Have been thinking recently about an editorial in Barron’s back in September, called “The End of Labor?” by Thomas G. Donlan. I love Barron’s for the reporting on companies and investment advice, but typically don’t care for the editorials. The author delved into the idea of robotics and economic productivity eliminating jobs of humans. “We should ask how America’s displaced laborers will provide for themselves at the end of the age of labor.” Mr. Donlan laments.
I don’t share Mr. Donlan’s pessimism, but I do concur there is a problem. I have been interested in this subject since I was young, reading Future Shock by Alvin Toffler, and dreaming about the future. Working in the technology field, I have experienced it first hand, as technological advances have eliminated jobs.
Initially technology eliminated the jobs of the manual laborer, making humans more efficient and productive….machines doing the work that previously took many men to perform. Now, technology is no longer just replacing blue-collar jobs, it is even eliminating white-collar jobs. So where does this leave us humans?
As we have seen the last 30 years, manufacturing jobs have declined, and service jobs are what have replaced them. Two of the largest employers are Walmart and McDonald’s.
What happens when machines replace the service jobs?
I was at a Smoky Bones restaurant a few weeks ago, and they had a touch screen tablet on the table where we could order food and more drinks at the touch of a button. The only thing we needed the waitress for was to bring us our food. Many places now have buffets, where you get your own food, bypassing the waiter altogether. More and more self serve. Convenient? Often times yes, but that convenience replaces labor. How many times in the past year have you gone into your local bank branch?

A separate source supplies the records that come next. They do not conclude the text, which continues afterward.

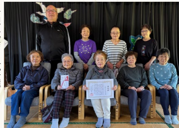
▶サロンひだまり(乙千屋)

表彰を受けたみなさんは、いきいきとした笑顔で、今後も引き続き活動に参加して盛り上げたいと話していました。 みなさんも、近所で開催される活動に参加したり、気の合う仲間とグループ活動をしたりしてみませんか？ 「どんなものかな」「やってみよう」と思ったら、お気軽にお問い合わせください。 また、町の健診を受けることが大事ですので、受診申込みをお忘れなく！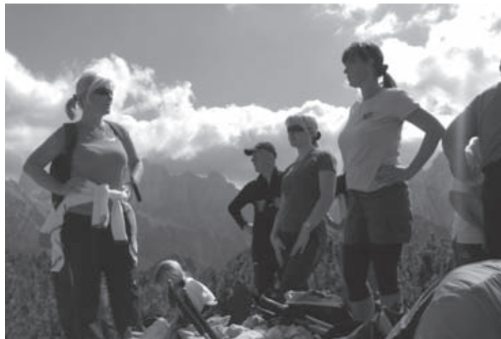
Končno pri vrhu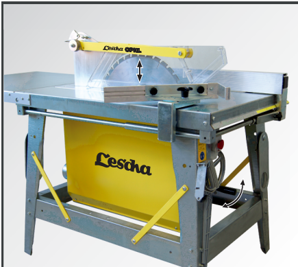
Robustes, vollverzinktes Metallgestell mit Verstärkungsstreben, Kranösen und leichtgängigem Handrad für die präzise Schnitthöhenverstellung.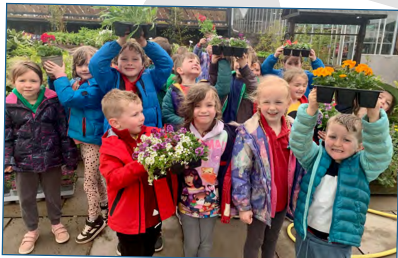
Gwibdaith i Ganolfan Arddo Newmans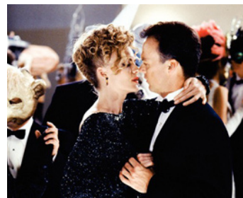
1992 BATMAN, LE DÉFI (Batman returns) de Tim Burton avec Michelle Pfeiffer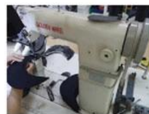
Special Streamlined Lockstitch Machine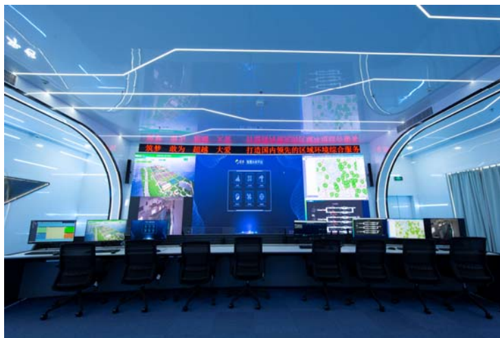
海峡环保智慧平台

公司着力打造江苏海峡环保科技发展有限公司致力于将水处理工艺技术、运营技术与新一代人工智能技术跨界融合，构建基于水务技术的全流程、全生命周期、全息智慧系统，真正实现安全生产、稳定达标、节能降耗三大运营目标，打造智慧运营新生态。报告期内，公司不断加强“智慧水务”建设，积极梳理公司所属污水处理厂历史数据等运营管理基础信息，导入公司自主研发的海环智慧污水处理运营管理平台并上线使用，能够实现生产管理数字化、工艺运行智能化、分析决策智慧化，有效提高公司运维管理效率。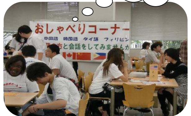
おしゃべりコーナー 中国語 韓国語 タイ語 フィリピン語 など会話してみませんか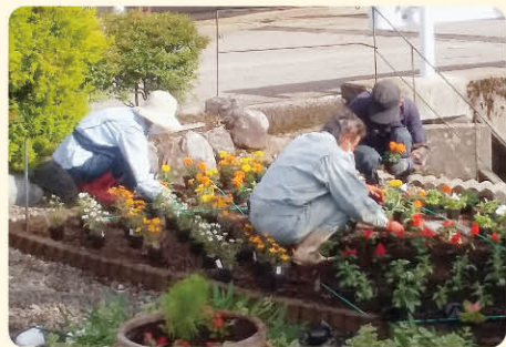
いよいよデビューです

そして六月五日(土)、いよいよ植付けです。この子たちの美しく咲き揃う姿をぜひ見に来て下さい。

Now, I don’t think humans are going to be useless. I do think we, as people, are going to be more important in terms of our ability to think, to reason. Our ability to reason will never be able to be replicated by a machine or computer (at least not in the near future).
Stephen Hawking may disagree with that statement. He is already on record fearing that the robots will eventually become as smart as humans and become self-aware, which will eventually destroy humanity.
I’m definitely not that much of a nihilist. However, education is going to be so very more important. Your brain, your ability to think and reason (why something is the way it is, and how to use it, NOT the ability to Google it on your smartphone), is what will become more and more important to humanity, and to employers.